A $1.4 million loan from an investment bank, a $300,000 loan from a credit union, a free personal home loan and a home equity line of credit could get you a place in a neighborhood, said Jason Stoll, a spokesman for the National Association of Realtors.
Stoll said the association is helping to guide consumers through the process, and the group has received over 200,000 consumer complaints from people who wanted to buy.
St. Louis-based Bank of America is among the lenders offering a home loan program to consumers, with loans starting at $300 for a home worth less than $500,000.
The bank’s website offers home loan programs for $300.
Banks are also starting to offer home equity loans, with interest rates ranging from 2 percent to 5 percent.
The U.S. housing market is in the midst of a housing recovery, and some experts are expecting the economy to get back to normal by the end of this year.
But homeownership remains a big issue in the United States, with a record of 6.4 percent of households lacking a home.

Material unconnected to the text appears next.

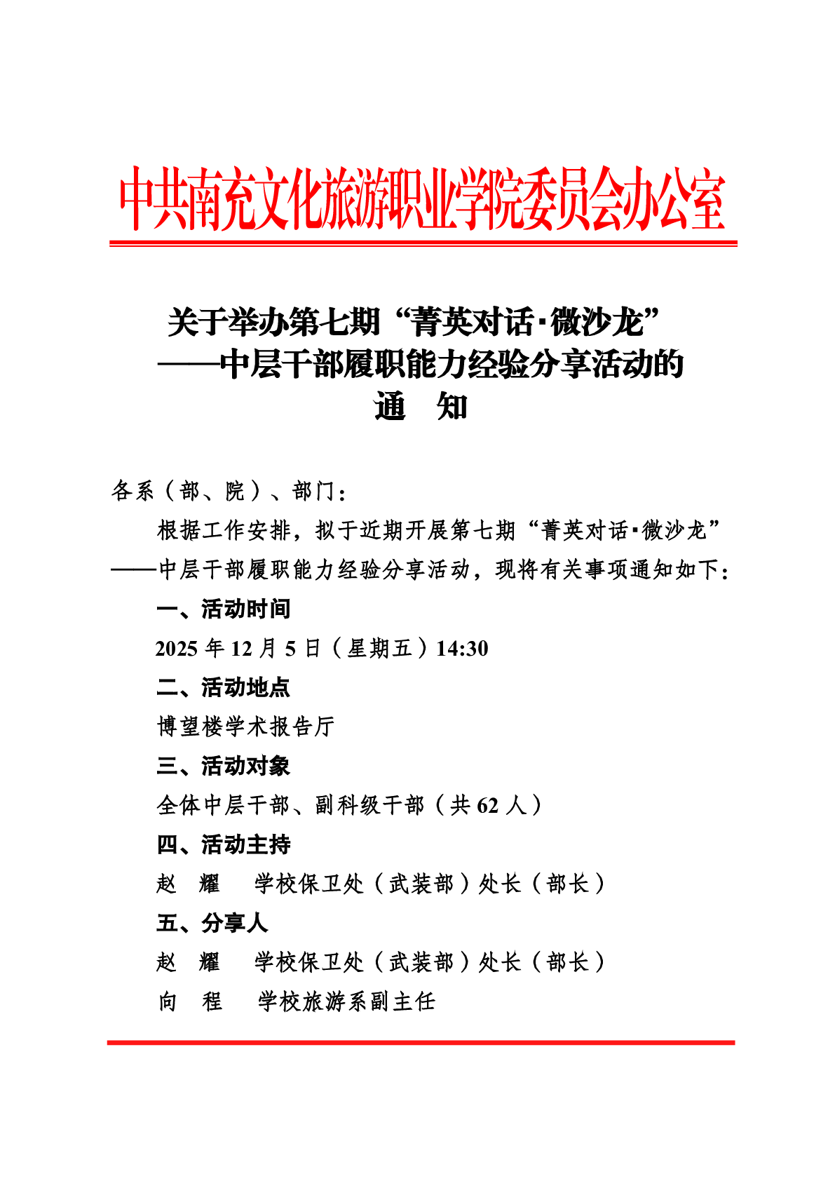 关于举办第七期“菁英对话・微沙龙”——中层干部履职能力经验分享活动的通知

About 17 percent of the U.K. population, for example, is considered home-owning.
Homeownership is also down from more than 40 percent in the 1980s and 1990s, according to the Pew Research Center.
The median household income for people in the U.-S.
has fallen from $51,000 in 1981 to $47,600 in 2014, according the U-K.
The unemployment rate in the US was 5.4% in 2016, according a report by the Federal Reserve Bank of New York.
It fell to 4.7% in 2020.
And the rate of household debt has risen from $1,800 in 1981, according an estimate from Moody’s Analytics, to more than $3,700 today.